> WHAT NEEDS TO BE DONE: Wherever an image appears in the data, omit it and copy all the remaining text word for word.

---------- AVAILABLE DATA

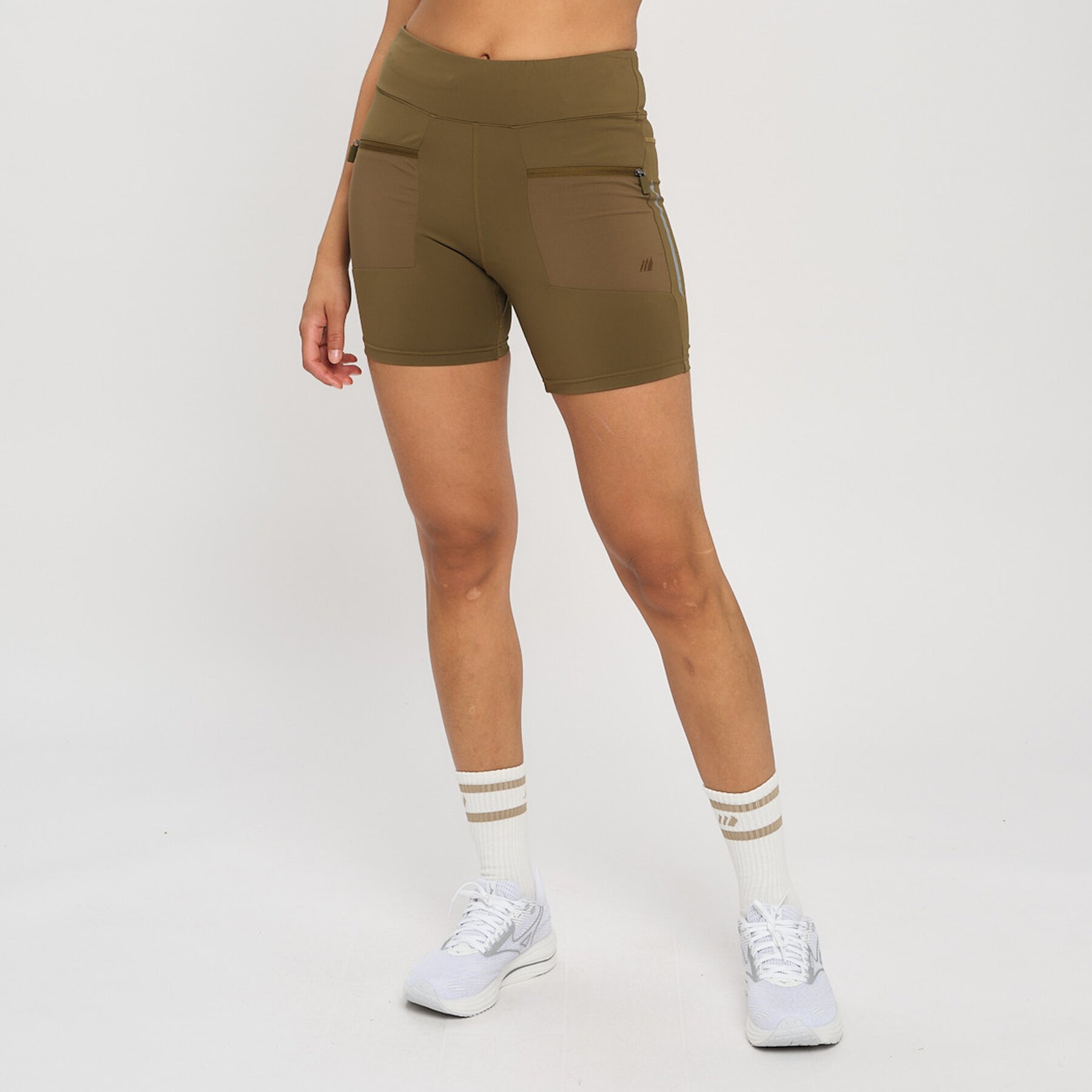 Denne shortsen i tights kvalitet er designet for å bevege seg med deg, enten du er ute på tur, på trening eller bare på farten. Med høyt liv og elastisk linning som kan justeres med snorstramming, får du en perfekt passform som sitter godt hele dagen. De praktiske frontlommene med glidelås gir deg plass til å oppbevare småting trygt og praktisk. Reflekselementene sørger for at du er synlig i mørket, så du kan være aktiv både dag og kveld.
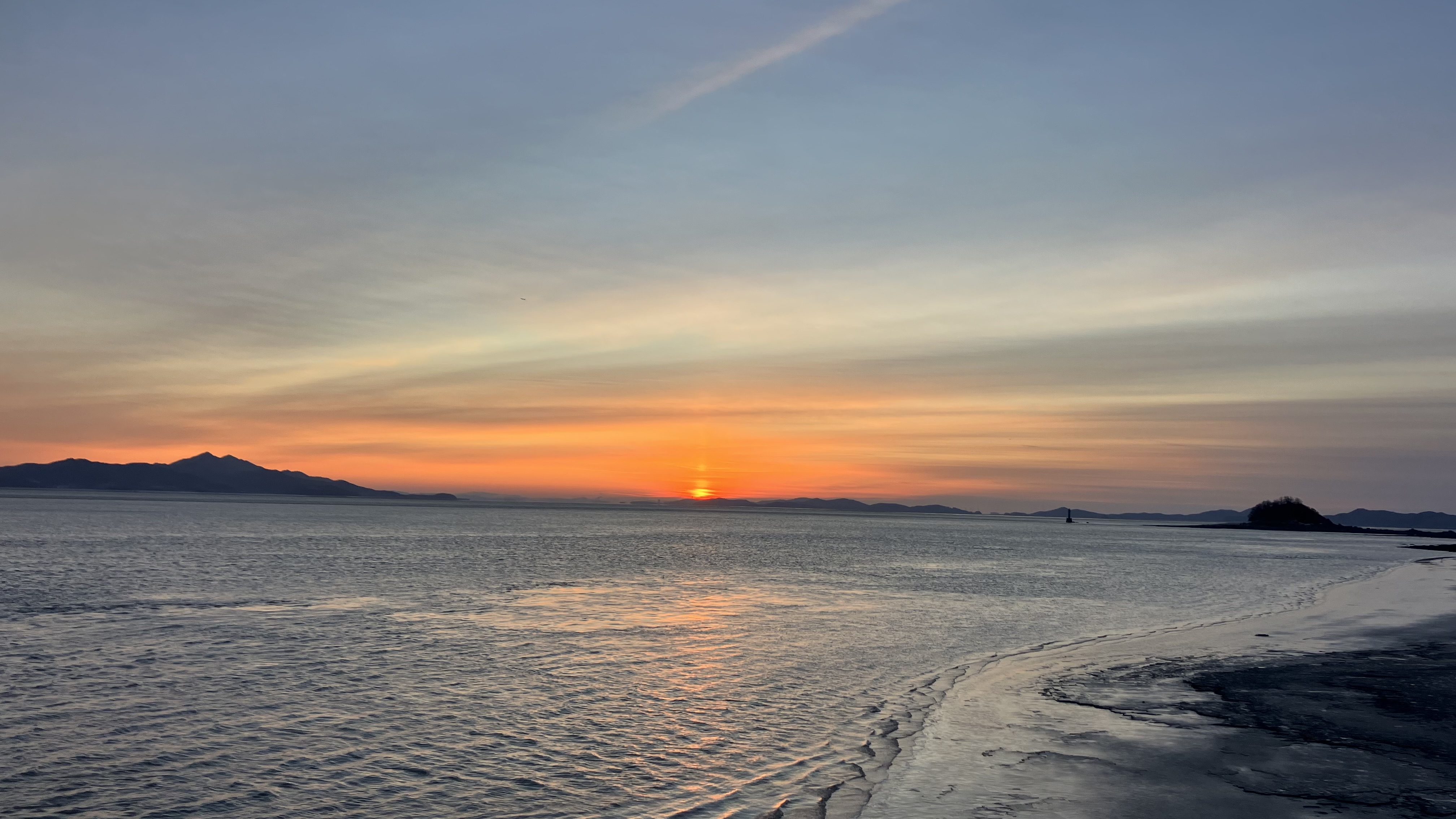 황해의 작은 외딴 섬 주문도의 해돋이 시각은 7시 50분이었다. 세 대의 차량이 살꾸지항 선착장에서 일출을 기다리고 있었다. 물때는 네 물로 바닷물이 많이 쓸었다. 강화도 외포항 기준으로 고조는 02:46 / 저조는 09:18 이었다. 주문도에 삶터를 꾸리고, 맞이한 일출에서 가장 날씨가 맑았다. 바람은 세찼고, 기온은 영하 10℃ 였다.
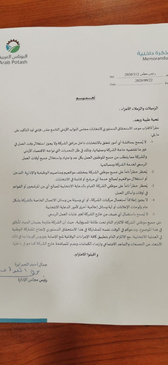 شركة البوتاس تحظر على موظفيها التدخل بالانتخابات المقبلة داخل مرافق الشركة
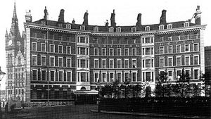 Samme Dag toge Callevig og jeg videre til London – omkring 30 norske Mile i 5½ Time med 5 Stoppesteder. Toget brusede afsted i en aldeles rasende Fart; men godt gik det og heelskindede naaede Vi frem. Fra Hull thelegrapherede jeg til min Fætter Vibe , Rectorens Søn, at jeg kom og bad ham møde (antagelig er dette Niels Andreas Vibe (1834-1929), senere byråsjef i Finans- og Tolldepartementet). Paa Stationen i London, ’’Kings Cross’’ var dog ingen Fætter; fra Callevig skiltes jeg her, - og der stod jeg temmelig net igjen, ’’alene i London’’, i noget forfærdelig Storartet og iblandt en til alle Kanter drivende og rivende Menneskemasse, thi maatte jeg da se at bruge min Smule Engelsk, og saa kom jeg til ’’Great Northern Railway Hotel’’.
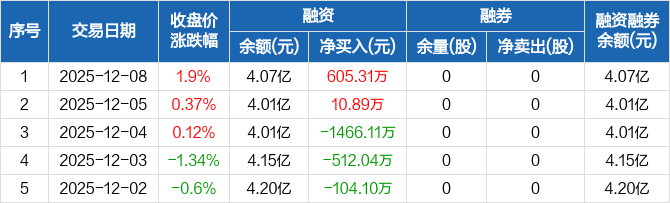 康强电子:融资净买入605.31万元,融资余额4.07亿元(12-08)
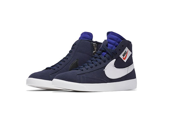 Toutefois, l’ADN de la Blazer originelle est conservé. Chaque paire est ainsi proposée dans une empeigne suédée ici dévoilée dans quatre moutures : bleu marine, noir, beige et beige très clair. Le Swoosh latéral est également de la partie. Il est noir ou blanc selon qu’il s’agisse de l’intérieur ou l’extérieur de la chaussure et s’accorde parfaitement avec la semelle blanche commune à ce quatuor pour le moins original.
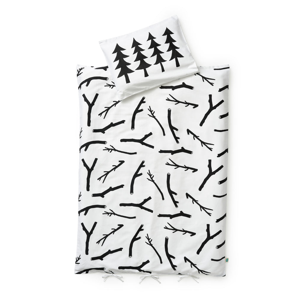 From our Skogen Collection comes the Twigs Duvet Set, inspired by nature. There is a kid in all of us that just loves collecting twigs and branches! Cozy up with a soft and cuddly pile of sticks. This black and white print looks awesome in any little ones room!  Bring a little nature indoors with our Twigs Duvet Set!
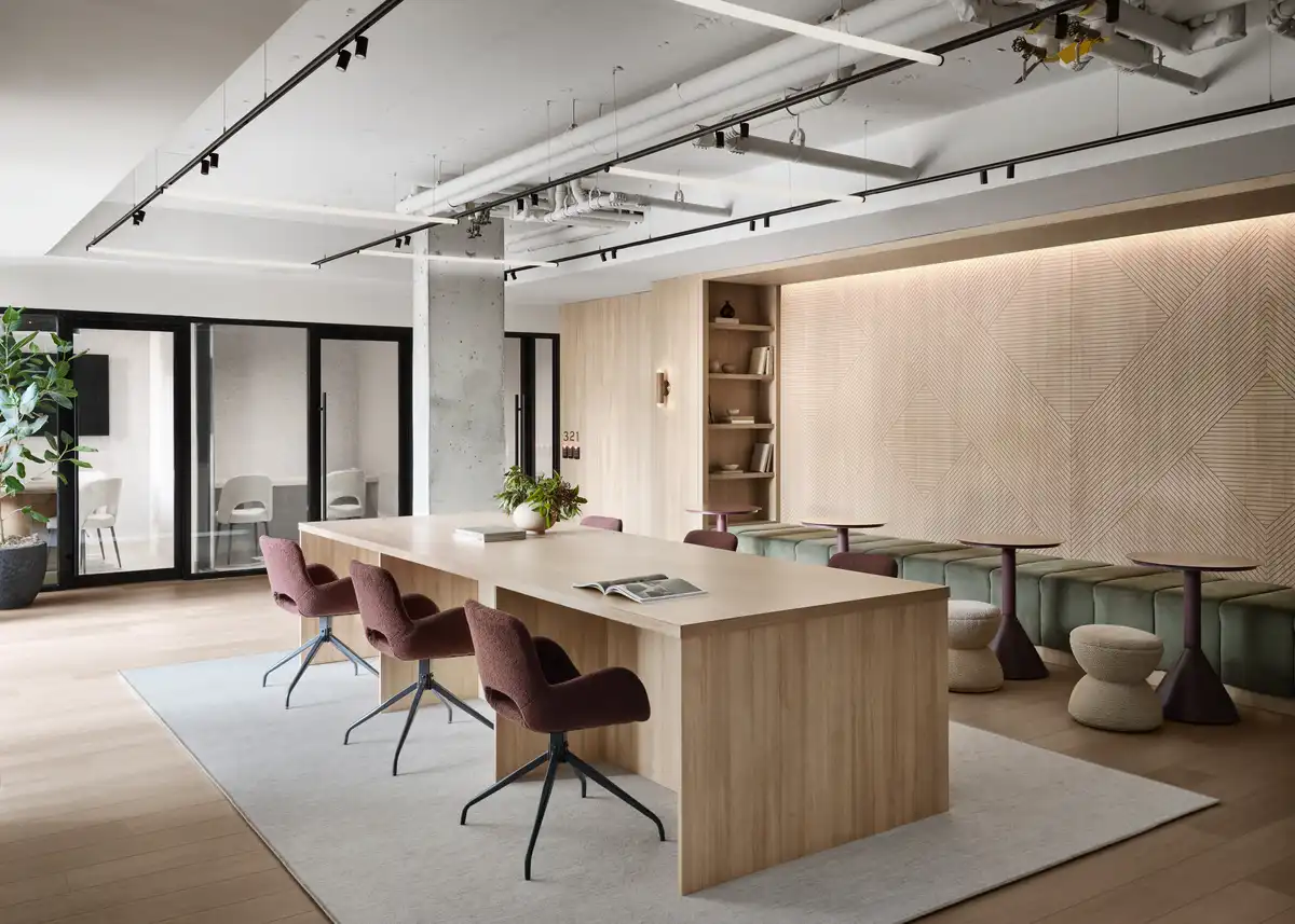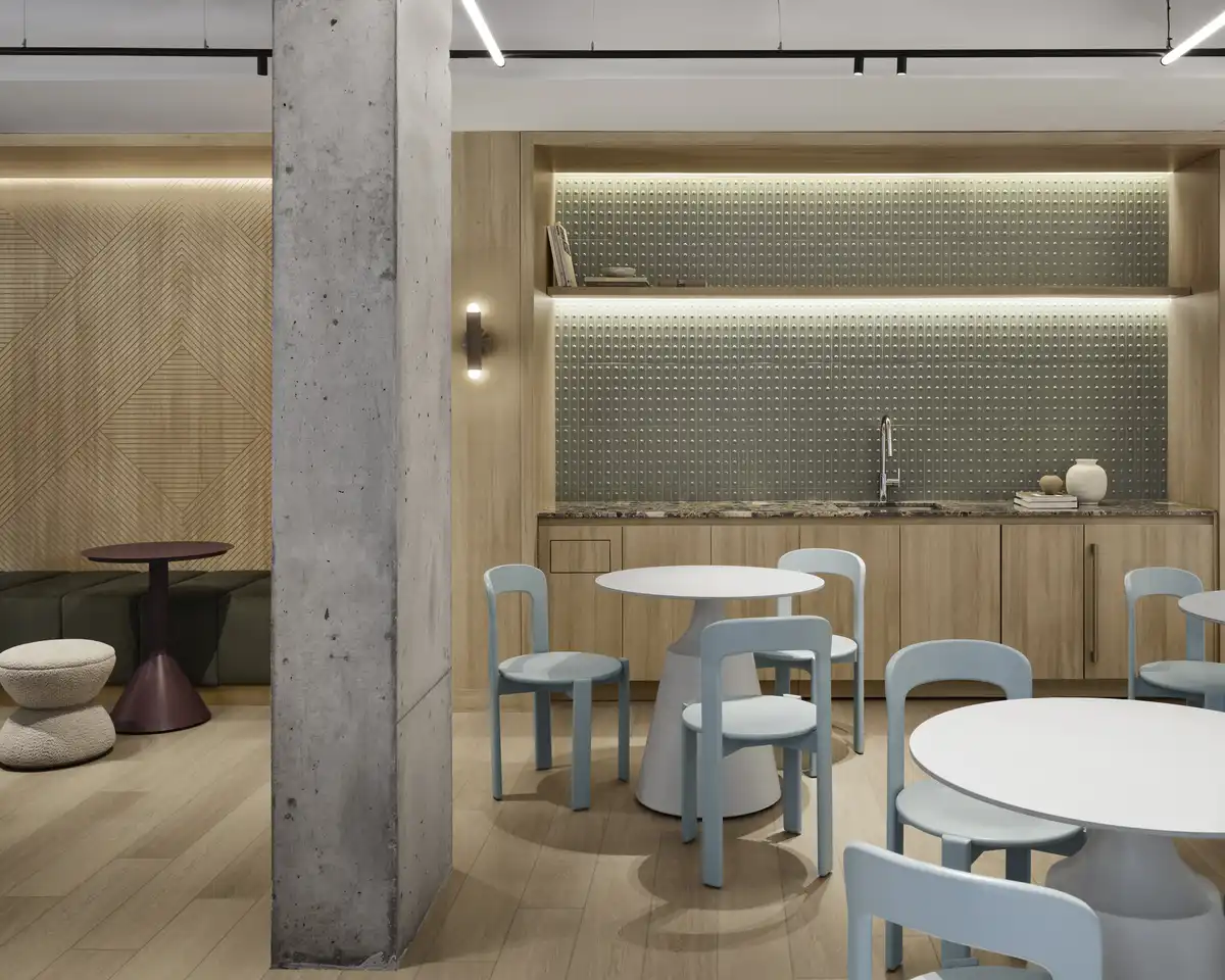 Union Channel’s dynamic façade—composed of glass, exposed concrete, and metal panels—embraces the neighborhood’s industrial context, while undulating bay windows establish a 21st-century landmark that animates the street edge. Inside, a palette of natural materials, including white oak, travertine, and terrazzo, delivers durability, craft and warmth.

--------------------

> SOLUTION TO THE PROBLEM:
 Denne shortsen i tights kvalitet er designet for å bevege seg med deg, enten du er ute på tur, på trening eller bare på farten. Med høyt liv og elastisk linning som kan justeres med snorstramming, får du en perfekt passform som sitter godt hele dagen. De praktiske frontlommene med glidelås gir deg plass til å oppbevare småting trygt og praktisk. Reflekselementene sørger for at du er synlig i mørket, så du kan være aktiv både dag og kveld.
 황해의 작은 외딴 섬 주문도의 해돋이 시각은 7시 50분이었다. 세 대의 차량이 살꾸지항 선착장에서 일출을 기다리고 있었다. 물때는 네 물로 바닷물이 많이 쓸었다. 강화도 외포항 기준으로 고조는 02:46 / 저조는 09:18 이었다. 주문도에 삶터를 꾸리고, 맞이한 일출에서 가장 날씨가 맑았다. 바람은 세찼고, 기온은 영하 10℃ 였다.
 شركة البوتاس تحظر على موظفيها التدخل بالانتخابات المقبلة داخل مرافق الشركة
 Samme Dag toge Callevig og jeg videre til London – omkring 30 norske Mile i 5½ Time med 5 Stoppesteder. Toget brusede afsted i en aldeles rasende Fart; men godt gik det og heelskindede naaede Vi frem. Fra Hull thelegrapherede jeg til min Fætter Vibe , Rectorens Søn, at jeg kom og bad ham møde (antagelig er dette Niels Andreas Vibe (1834-1929), senere byråsjef i Finans- og Tolldepartementet). Paa Stationen i London, ’’Kings Cross’’ var dog ingen Fætter; fra Callevig skiltes jeg her, - og der stod jeg temmelig net igjen, ’’alene i London’’, i noget forfærdelig Storartet og iblandt en til alle Kanter drivende og rivende Menneskemasse, thi maatte jeg da se at bruge min Smule Engelsk, og saa kom jeg til ’’Great Northern Railway Hotel’’.
 康强电子:融资净买入605.31万元,融资余额4.07亿元(12-08)
 Toutefois, l’ADN de la Blazer originelle est conservé. Chaque paire est ainsi proposée dans une empeigne suédée ici dévoilée dans quatre moutures : bleu marine, noir, beige et beige très clair. Le Swoosh latéral est également de la partie. Il est noir ou blanc selon qu’il s’agisse de l’intérieur ou l’extérieur de la chaussure et s’accorde parfaitement avec la semelle blanche commune à ce quatuor pour le moins original.
 From our Skogen Collection comes the Twigs Duvet Set, inspired by nature. There is a kid in all of us that just loves collecting twigs and branches! Cozy up with a soft and cuddly pile of sticks. This black and white print looks awesome in any little ones room!  Bring a little nature indoors with our Twigs Duvet Set!
 Union Channel’s dynamic façade—composed of glass, exposed concrete, and metal panels—embraces the neighborhood’s industrial context, while undulating bay windows establish a 21st-century landmark that animates the street edge. Inside, a palette of natural materials, including white oak, travertine, and terrazzo, delivers durability, craft and warmth.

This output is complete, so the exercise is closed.